In an instant, the older boy took a knife out of his trousers, jumped up into the air, and slashed it across the throat of Susan's uncle. James Bright gave a startled gurgle as his emerald green glasses slipped off his perspiring nose and his enormous bulk sank to the planks of the pier.

Jack and Susan rushed forward—Susan to help her uncle, Jack to grab the tiny assassin with his good arm.

Manuels One and Two, Felicio and Roberto had drawn back in stunned horror at what had happened. Then with one movement they ran off down the pier, setting up a little thunder of bare feet on the planks, leaving their employer behind, and incidentally, crashing into Jack. Jack was knocked over, not only landing on his cast-bound arm, but also losing the grasp that he had gotten on the shirt of the knife-wielding child.

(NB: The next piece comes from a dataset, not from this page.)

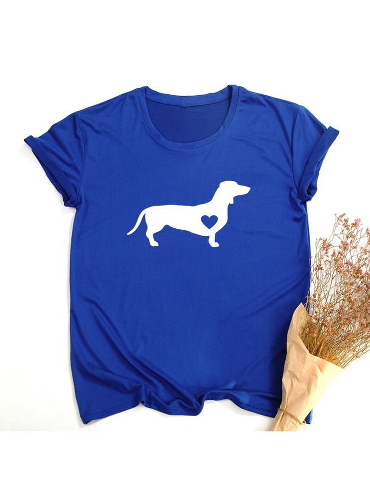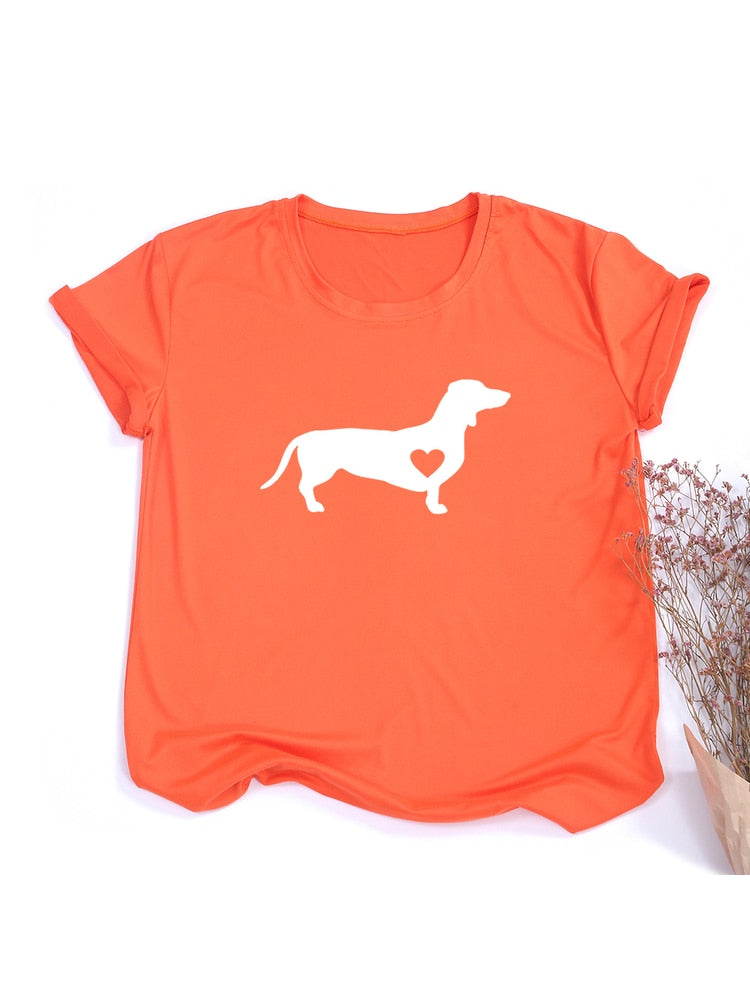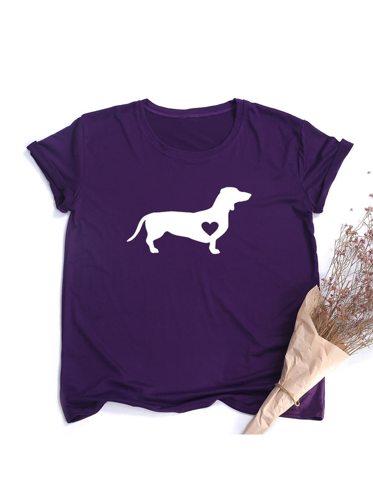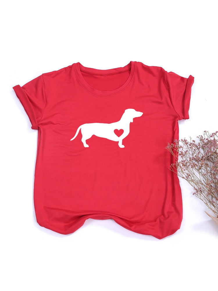 Dachshund Dog Print Women T-Shirt Dog Mom Life Streetwear Tumblr Female Causal Graphic Tees Harajuku Tops Aesthetic Camisetas

The boy flung the knife into the water and took off toward the quay, his short legs pumping like pistons.

Jack struggled to his feet, and found that the massive bulk of James Bright, with shining red blood covering his white suit, was hanging over the side of the dock. Susan, who weighed no more than a third as much as her uncle, was holding onto his trouser legs, valiantly attempting to prevent his slipping away completely.